Lord Justice McCombe summarises the main underlying legal issues in the claims like this:

“…there is no process in cases like the present by which the subject can seek to prevent disclosure of convictions on the basis that disclosure in his case is disproportionate, a failing which goes to the legality of the statutory scheme…such a process could, theoretically, take either or both of two forms: (a) a consideration when each criminal record check is made and (b) a mechanism whereby, after a passage of time, a subject can apply for exemption from disclosure.

The defendants say Parliament (on advice from the Independent Advisor for Criminality Information Management) drew a line requiring disclosure on a permanent basis if a person has more than one conviction. It is entirely rational to give a first offender a second chance but no more. Furthermore, independent review of individual cases would be “burdensome and impractical”.

The number of Enhanced Criminal Record Certificates issued in 2014/15 was 3,833,149.

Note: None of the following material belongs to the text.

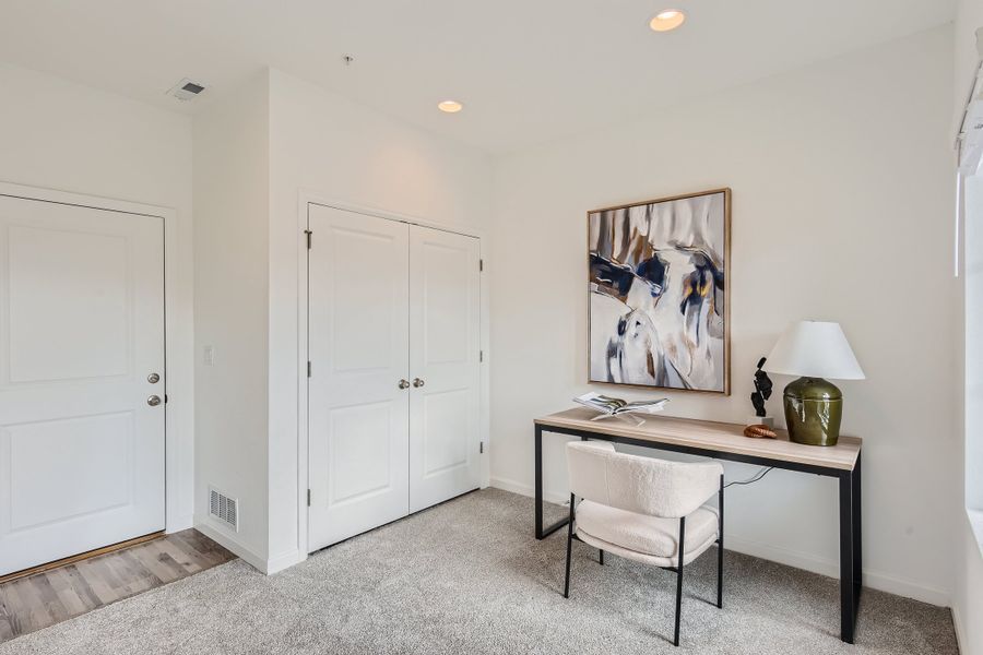 The Westfield floorplan is a thoughtfully designed three-story townhome that offers a modern layout with 2 bedrooms, 2 full bathrooms, and 2 half bathrooms. On the first floor, you'll find a versatile Flex Room measuring 13' by 9', perfect for adapting to various lifestyle needs, alongside a Covered Patio sized at 13' by 6' for outdoor relaxation. The floor also includes a spacious 2-car garage measuring 19' by 20', providing ample storage and convenient access. Moving to the second floor, this open-concept space includes a generously sized Great Room of 15' by 16' that seamlessly flows onto a Covered Deck of 13' by 6', ideal for entertaining. The Dining Room, measuring 10' by 12', and a modern kitchen are perfectly positioned for effortless mealtime gatherings. On the third floor, the private living quarters are thoughtfully arranged. The Owner's Suite is a serene retreat, measuring 12' by 12', complete with a walk-in closet and en-suite bathroom for ultimate comfort. The second bedroom, measuring 13' by 11', provides easy access to the additional full bathroom, and a convenient laundry area is also situated on this floor. Overall, the Westfield floorplan offers a well-balanced combination of style, function, and privacy, making it an excellent choice for those seeking a multi-level townhome. *Sample photos represent the floor plan, not the actual home.

 Lord Justice McCombe isn't convinced a review scheme is unworkable; some cases could be considered ad hoc on a specific application for a disclosure certificate or after the lapse of a “suitable” time with a time bar to further applications. He also noted that other European countries operate systems which allow for discretion in disclosure (e.g. the Netherlands and Sweden) while others gradually expunge records according to time elapsed and the seriousness of the offence.

 Addressing the central legal issue the judgement goes on:

“… the question must now be whether the present statute affords the individual adequate protection against arbitrariness, but also, in order for an interference with Article 8 rights to be “in accordance with the law” there must be adequate safeguards which have the effect of enabling the proportionality of the interference to be adequately examined…”

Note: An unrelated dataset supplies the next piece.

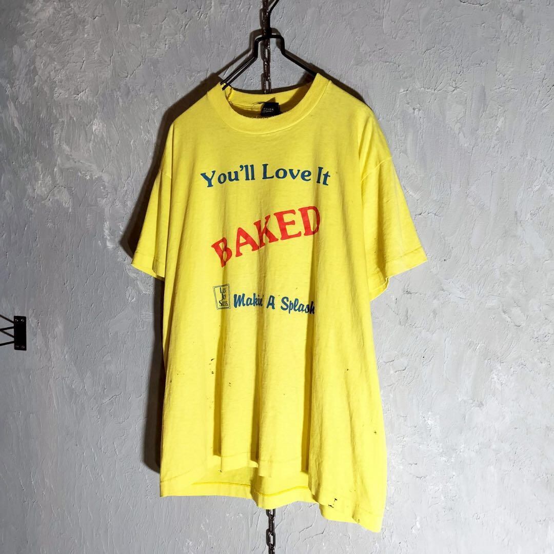 80s SCREENSTARS ロングジョンシルバーズ KFC 企業ロゴ Tシャツ シングルステッチ ヴィンテージ USA製 イエロー XL 古着

…the present rules can give rise to some very startling consequences. Such results are, in my judgement, properly to be described as “arbitrary”…

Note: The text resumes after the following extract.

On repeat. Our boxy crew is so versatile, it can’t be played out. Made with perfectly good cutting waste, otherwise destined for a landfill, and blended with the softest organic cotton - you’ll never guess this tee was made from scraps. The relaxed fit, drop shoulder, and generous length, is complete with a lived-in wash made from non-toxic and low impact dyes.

No doubt in many cases results requiring indefinite disclosure of certain serious offences will be seen to be far from arbitrary, in that offences will clearly be relevant to anyone considering a person’s suitability for engagement in a sensitive post requiring an ECRC.  However, when the rules are capable of producing such questionable results on their margins, there ought (as it seems to me) to be some machinery for testing the proportionality of the interference if the scheme is to be “in accordance with the law” under the wider understanding of that concept that emerges from the T case, following MM…

…The deference that a Judge would always feel towards a scheme expressly sanctioned by Parliament cannot be engaged in this case. Equally, therefore, it seems to me, that questions of administrative convenience which trouble the defendants so much can have no operative place in assessing the lawfulness of the interference with Convention rights…

…I can see no reason for thinking that the convictions in issue in the present cases before us bear, for the Claimants’ entire lifetimes, a rational relationship with the objects sought to be achieved by the disclosure provisions of the act, simply because in each case there is more than one conviction…”

So the current disclosure and debarring scheme is unlawful. 

Clearly this is far from the last word on the subject and I assume there’ll be an early appeal. In the meantime, what should you do if you require applicants or employees to produce Criminal Record Certificates?  My advice is:

1) don’t panic;
2) review your policy on disclosure and if it still seems to you to be reasonable and proportionate in your context, carry on as before while being alert to further developments;
3) if you have concerns about your policy or the way in which it operates, take professional advice.